Delete middle node
You have been given a singly Linked List of integers. Your task is to delete the middle node of this List.
Note:
1. If there is no middle node in the list to delete, return an empty list (i.e. NULL).
2. If there are two middle nodes in the list, delete the first one.
Follow up :
Try to solve this problem in O(N) time complexity and O(1) space complexity.
Can you solve it in only one traversal of the Linked List?
Input format :
The first line of input contains an integer 'T' representing the number of test cases or queries to run. Then the test case follows.
The only line of each test case contains the elements of the singly linked list separated by a single space and terminated by -1. Hence, -1 would never be a list element.
Output format :
For each test case, print the resultant linked list after performing the required operation denoted as the elements separated by a single space and terminated by -1.
Print output of each test case in a separate line.
Note :
You are not required to print the output, it has already been taken care of. Just implement the function.
Constraints :
1 <= T <= 100
0 <= L <= 5000
1 <= data <= 10^9 and data != -1
Where 'L' is the number of nodes in the Linked List.
Time Limit: 1 sec
The idea is simple and naive. We will first count the total number of nodes in the linked list (say ‘N’). Now, we know that the ceil('N' / 2)th node is our middle node of the linked list.

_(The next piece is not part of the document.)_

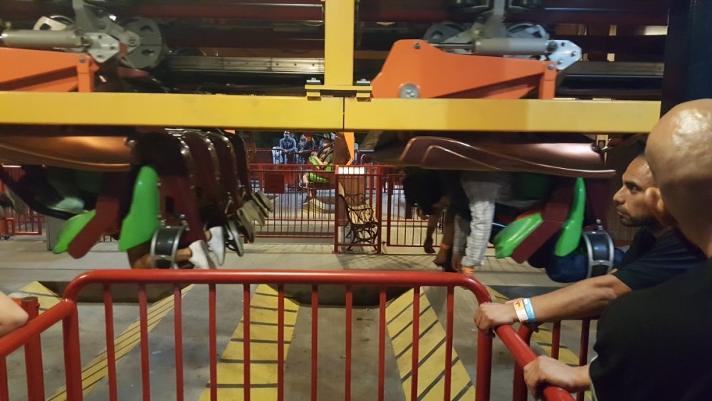 13. Already ridden it twice today, currently in line for a third time. Line is like 45 min to an hour now. And the ride? Amazing. Very different from Twisted Colossus, much more compact and forceful. The inversions are flawless and the airtime is great. In my opinion it's tied with TC (they're the only RMCs I've ridden). Operations are good, 2 trains. Line moves fast.
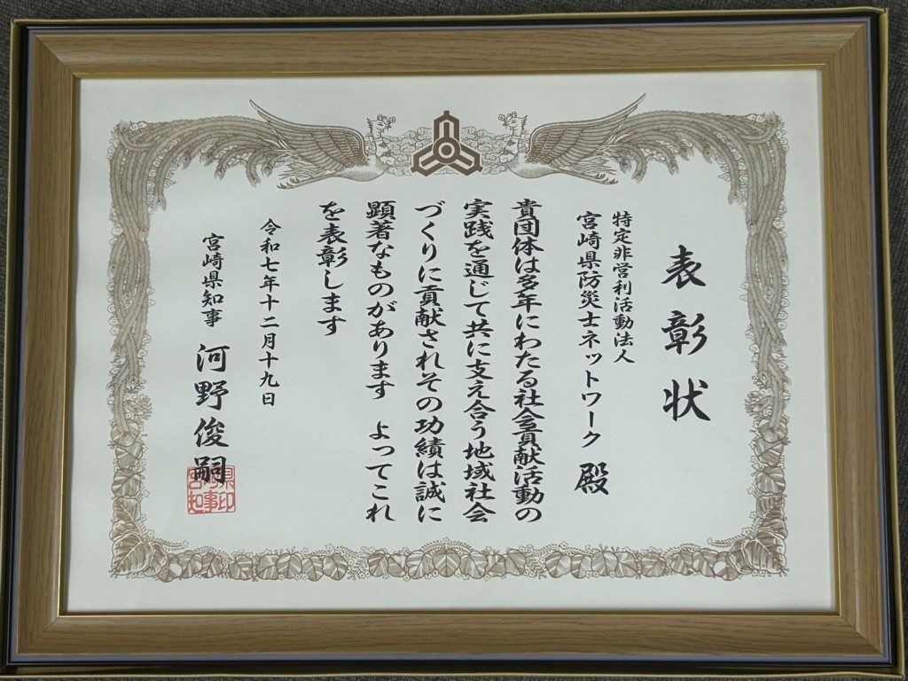 宮崎県防災士ネットワークのこれまでの活動が評価され、この度「みやざき社会貢献活動」の表彰を受けました。

So, now we will follow the traditional algorithm for deleting a node from the linked list. We will traverse till the previous node of the node which is going to be deleted, and point the next pointer of the previous node to the next node of the middle node. Also, we will save the pointer to the middle node to deallocate the memory. In simple words:
- 'PREV_NODE' -> next = ‘MIDDLE_NODE’ -> next.
- delete 'MIDDLE_NODE’
The idea here is to use two pointers i.e. ‘SLOW’ and ‘FAST’ and both will traverse in the linked list from beginning to end but at a different pace. The ‘SLOW’ pointer will move normally in the linked list, one step at a time. The other ‘FAST’ pointer will move two steps at a time.
Now, when the ‘FAST’ pointer reaches the end of the list, we know that the ‘SLOW’ pointer is only halfway through because the speed is half for the ‘SLOW’ pointer. Hence, the ‘SLOW’ pointer must be standing at the middle node, so we delete it.
As mentioned earlier, we will be using the traditional method of deleting the node from the list which is to have a pointer to the previous node of the node which is going to be deleted. Also, we will save the pointer to the middle node to deallocate the memory. For that, we can maintain a different pointer ‘PREVIOUS’ which will be used to track the previous node of the ‘SLOW’ pointer. In simple words:
- 'PREVIOUS' -> next = 'SLOW' -> next
- delete 'SLOW'